**What to work on:** Within the lines below, the span from the line with "Den lette, men" to the line with "本周生猪周均价上涨。据中国养", both ends included, is to be reproduced exactly, with pictures omitted.

**Supplied material:**
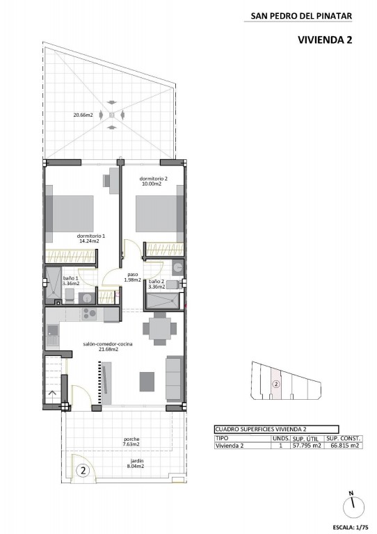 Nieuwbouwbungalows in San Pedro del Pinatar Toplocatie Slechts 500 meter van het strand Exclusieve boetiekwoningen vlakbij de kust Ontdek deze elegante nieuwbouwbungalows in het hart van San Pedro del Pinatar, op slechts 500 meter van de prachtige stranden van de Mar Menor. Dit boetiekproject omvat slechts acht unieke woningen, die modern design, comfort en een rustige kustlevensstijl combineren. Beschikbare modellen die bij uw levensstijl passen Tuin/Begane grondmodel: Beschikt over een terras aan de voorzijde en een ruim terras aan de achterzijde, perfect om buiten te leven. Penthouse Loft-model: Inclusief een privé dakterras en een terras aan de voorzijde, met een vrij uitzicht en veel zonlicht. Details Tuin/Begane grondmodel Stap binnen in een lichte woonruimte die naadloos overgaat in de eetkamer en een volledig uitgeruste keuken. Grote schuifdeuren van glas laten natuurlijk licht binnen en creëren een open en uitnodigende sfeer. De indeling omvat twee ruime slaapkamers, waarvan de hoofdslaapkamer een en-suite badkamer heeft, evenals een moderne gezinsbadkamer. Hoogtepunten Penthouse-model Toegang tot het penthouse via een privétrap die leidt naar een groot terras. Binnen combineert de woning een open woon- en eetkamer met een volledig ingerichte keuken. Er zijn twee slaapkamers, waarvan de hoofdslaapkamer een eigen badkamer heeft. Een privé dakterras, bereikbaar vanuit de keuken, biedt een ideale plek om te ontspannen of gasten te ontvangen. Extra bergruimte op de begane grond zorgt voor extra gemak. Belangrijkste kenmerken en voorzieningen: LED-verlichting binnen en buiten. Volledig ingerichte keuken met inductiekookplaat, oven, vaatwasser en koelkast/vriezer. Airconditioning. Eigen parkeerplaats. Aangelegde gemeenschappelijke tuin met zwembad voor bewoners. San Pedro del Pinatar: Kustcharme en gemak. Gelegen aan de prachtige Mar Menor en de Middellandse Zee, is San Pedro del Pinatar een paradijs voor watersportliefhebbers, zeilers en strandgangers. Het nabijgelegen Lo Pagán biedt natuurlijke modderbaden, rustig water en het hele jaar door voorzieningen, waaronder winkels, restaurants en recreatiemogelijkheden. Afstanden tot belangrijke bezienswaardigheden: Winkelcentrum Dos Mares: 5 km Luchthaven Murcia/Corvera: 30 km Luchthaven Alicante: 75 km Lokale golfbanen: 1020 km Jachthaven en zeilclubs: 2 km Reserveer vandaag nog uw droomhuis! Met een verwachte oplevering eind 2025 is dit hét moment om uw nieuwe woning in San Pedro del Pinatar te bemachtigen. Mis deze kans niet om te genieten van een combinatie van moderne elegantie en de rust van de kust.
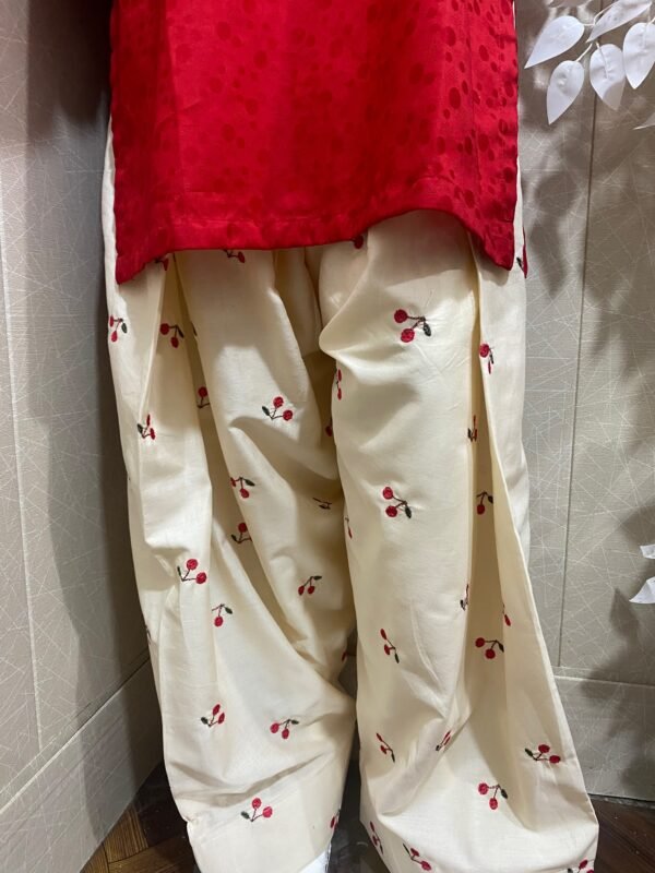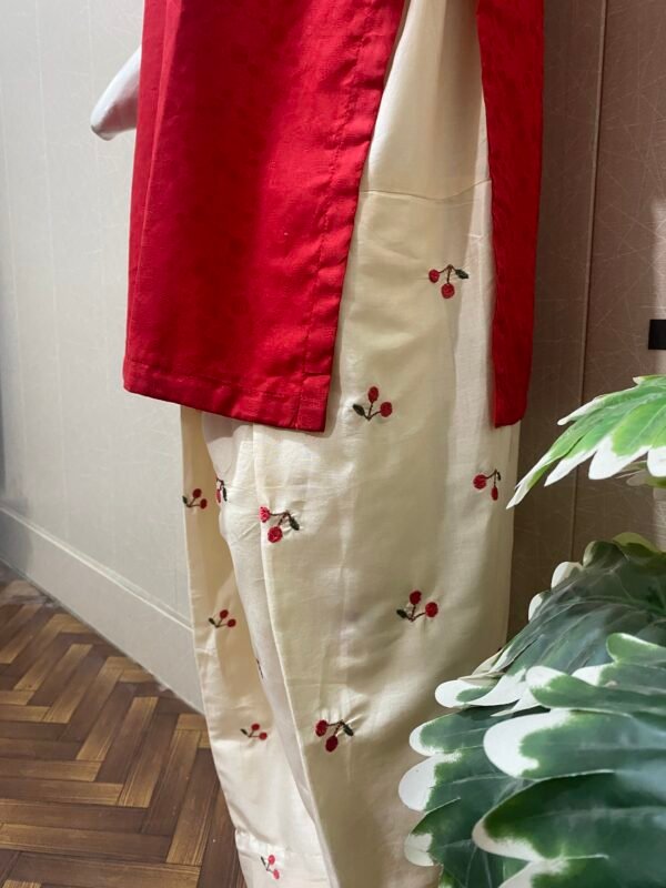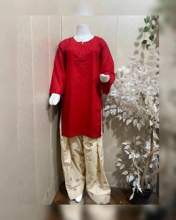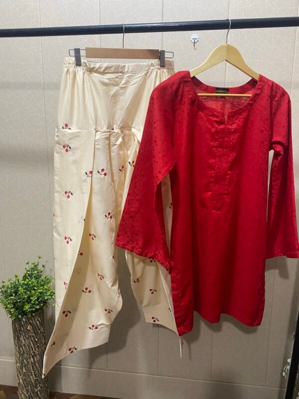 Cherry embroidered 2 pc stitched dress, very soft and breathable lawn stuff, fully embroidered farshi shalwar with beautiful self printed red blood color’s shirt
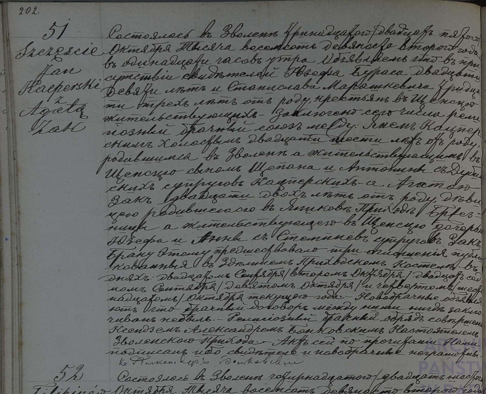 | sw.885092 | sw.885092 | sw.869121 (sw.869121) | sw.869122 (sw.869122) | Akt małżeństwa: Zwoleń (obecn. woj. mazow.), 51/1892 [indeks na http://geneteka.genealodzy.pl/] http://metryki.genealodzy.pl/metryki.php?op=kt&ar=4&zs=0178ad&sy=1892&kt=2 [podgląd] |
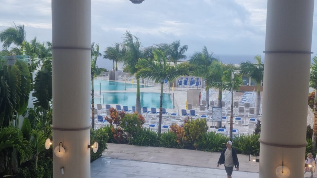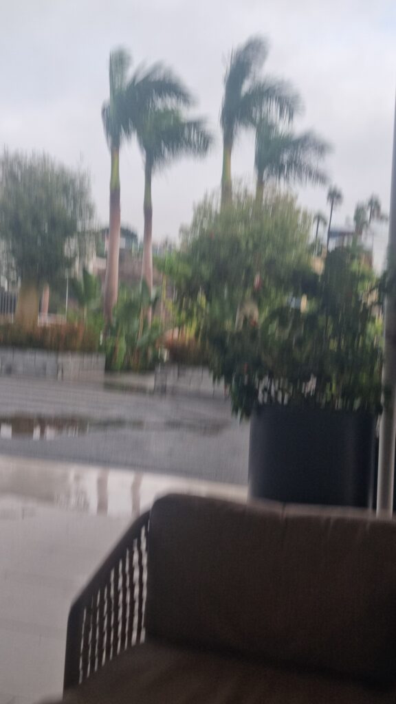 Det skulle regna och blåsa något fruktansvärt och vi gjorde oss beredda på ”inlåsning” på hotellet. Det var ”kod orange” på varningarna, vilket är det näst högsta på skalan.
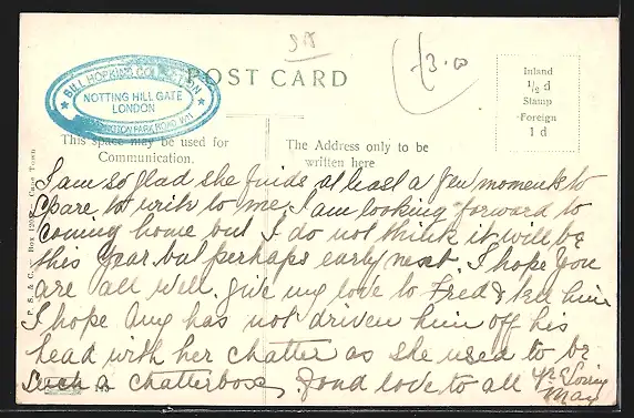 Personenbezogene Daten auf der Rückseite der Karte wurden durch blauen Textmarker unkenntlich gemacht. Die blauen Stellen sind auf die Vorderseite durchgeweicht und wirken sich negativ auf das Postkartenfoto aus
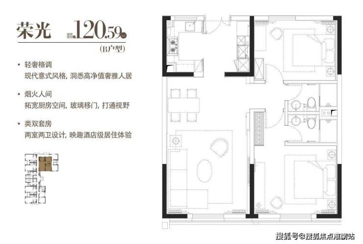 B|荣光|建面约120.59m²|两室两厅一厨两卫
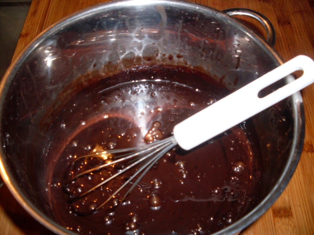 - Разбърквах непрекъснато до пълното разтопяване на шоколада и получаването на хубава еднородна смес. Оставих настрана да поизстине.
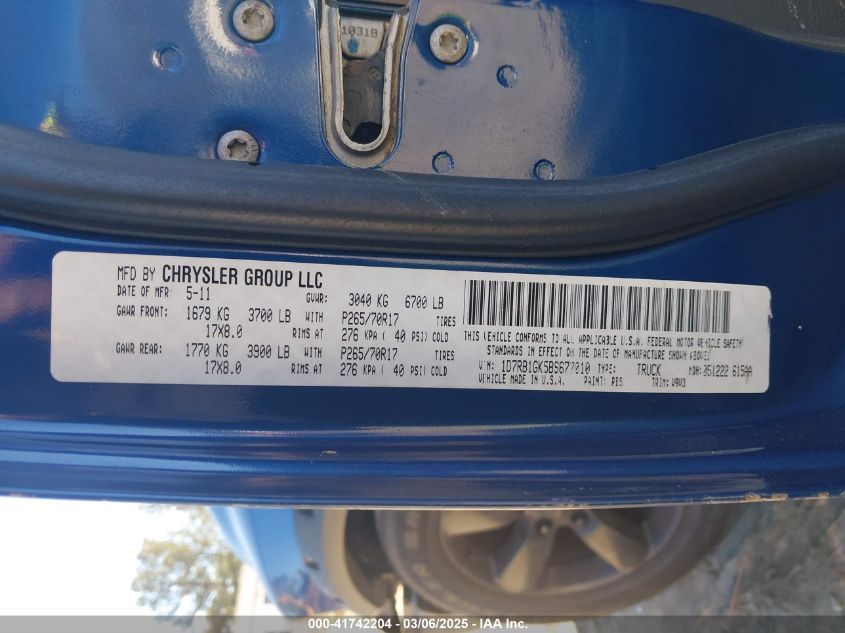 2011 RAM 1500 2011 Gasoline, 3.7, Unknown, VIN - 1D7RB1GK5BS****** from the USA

---

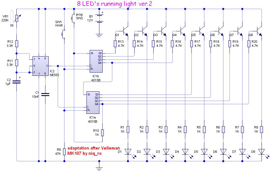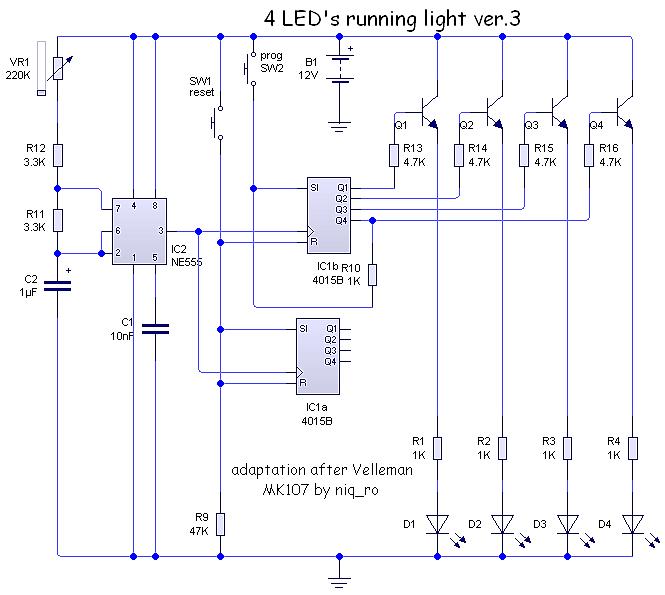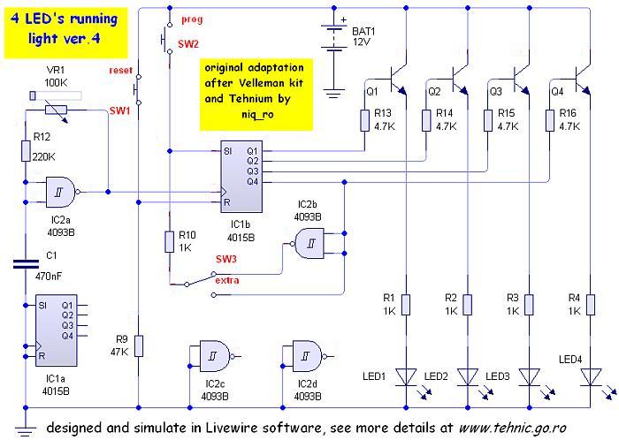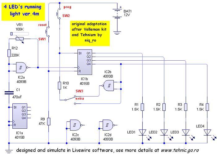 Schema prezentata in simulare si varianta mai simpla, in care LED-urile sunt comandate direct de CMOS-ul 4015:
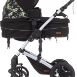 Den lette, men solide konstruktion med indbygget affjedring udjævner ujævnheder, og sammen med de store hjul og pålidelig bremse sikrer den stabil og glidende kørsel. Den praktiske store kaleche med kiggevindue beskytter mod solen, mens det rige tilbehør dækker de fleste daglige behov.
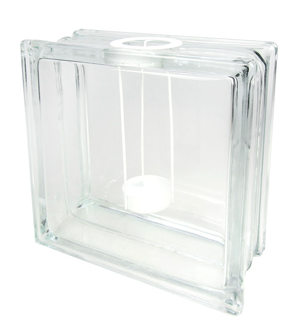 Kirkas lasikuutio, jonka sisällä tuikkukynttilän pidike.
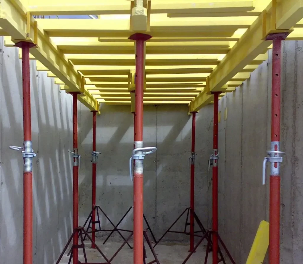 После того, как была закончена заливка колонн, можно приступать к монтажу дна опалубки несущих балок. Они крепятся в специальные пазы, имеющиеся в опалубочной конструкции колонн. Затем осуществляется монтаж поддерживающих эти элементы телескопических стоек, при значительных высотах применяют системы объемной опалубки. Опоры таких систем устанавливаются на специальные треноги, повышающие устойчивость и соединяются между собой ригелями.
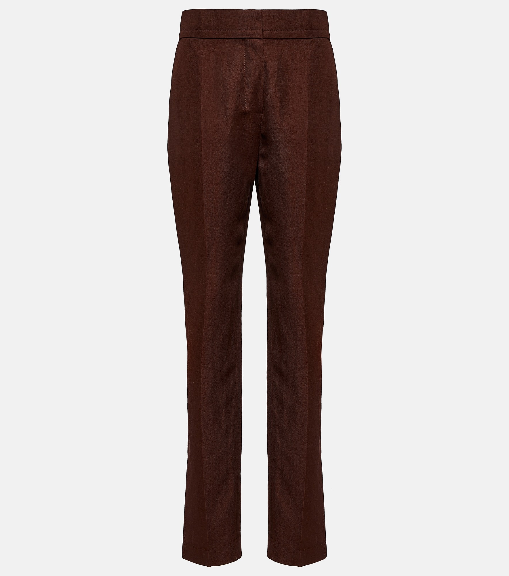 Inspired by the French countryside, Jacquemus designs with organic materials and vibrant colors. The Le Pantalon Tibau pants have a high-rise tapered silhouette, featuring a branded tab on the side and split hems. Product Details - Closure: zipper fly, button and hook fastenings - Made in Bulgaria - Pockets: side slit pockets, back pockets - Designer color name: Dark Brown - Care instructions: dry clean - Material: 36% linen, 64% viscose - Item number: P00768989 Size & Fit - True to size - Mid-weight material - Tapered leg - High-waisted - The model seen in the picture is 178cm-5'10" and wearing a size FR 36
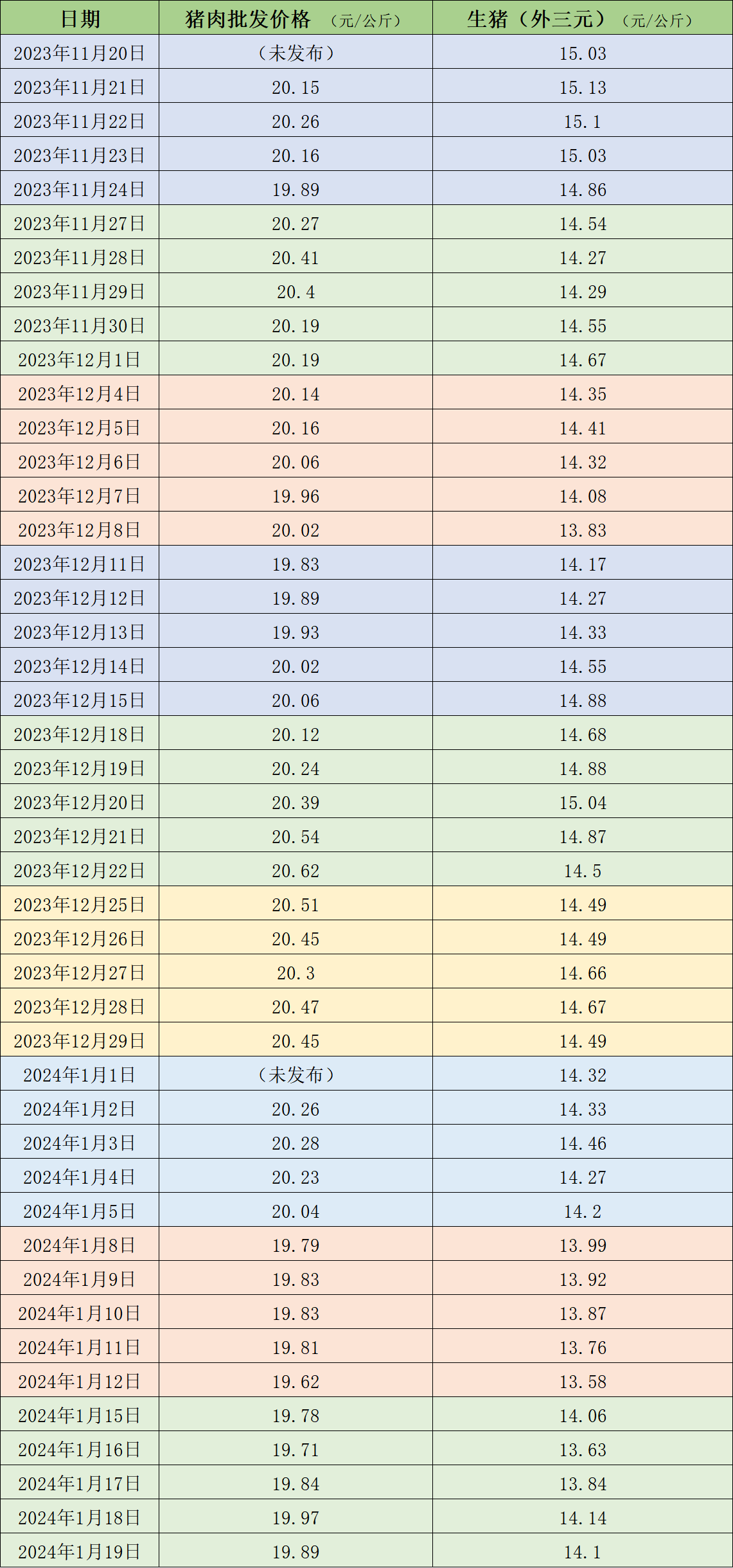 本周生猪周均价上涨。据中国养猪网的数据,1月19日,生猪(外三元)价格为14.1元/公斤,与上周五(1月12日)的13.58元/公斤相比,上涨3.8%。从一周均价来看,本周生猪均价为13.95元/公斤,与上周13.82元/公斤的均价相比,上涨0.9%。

**Response:**
 Den lette, men solide konstruktion med indbygget affjedring udjævner ujævnheder, og sammen med de store hjul og pålidelig bremse sikrer den stabil og glidende kørsel. Den praktiske store kaleche med kiggevindue beskytter mod solen, mens det rige tilbehør dækker de fleste daglige behov.
 Kirkas lasikuutio, jonka sisällä tuikkukynttilän pidike.
 После того, как была закончена заливка колонн, можно приступать к монтажу дна опалубки несущих балок. Они крепятся в специальные пазы, имеющиеся в опалубочной конструкции колонн. Затем осуществляется монтаж поддерживающих эти элементы телескопических стоек, при значительных высотах применяют системы объемной опалубки. Опоры таких систем устанавливаются на специальные треноги, повышающие устойчивость и соединяются между собой ригелями.
 Inspired by the French countryside, Jacquemus designs with organic materials and vibrant colors. The Le Pantalon Tibau pants have a high-rise tapered silhouette, featuring a branded tab on the side and split hems. Product Details - Closure: zipper fly, button and hook fastenings - Made in Bulgaria - Pockets: side slit pockets, back pockets - Designer color name: Dark Brown - Care instructions: dry clean - Material: 36% linen, 64% viscose - Item number: P00768989 Size & Fit - True to size - Mid-weight material - Tapered leg - High-waisted - The model seen in the picture is 178cm-5'10" and wearing a size FR 36
 本周生猪周均价上涨。据中国养猪网的数据,1月19日,生猪(外三元)价格为14.1元/公斤,与上周五(1月12日)的13.58元/公斤相比,上涨3.8%。从一周均价来看,本周生猪均价为13.95元/公斤,与上周13.82元/公斤的均价相比,上涨0.9%。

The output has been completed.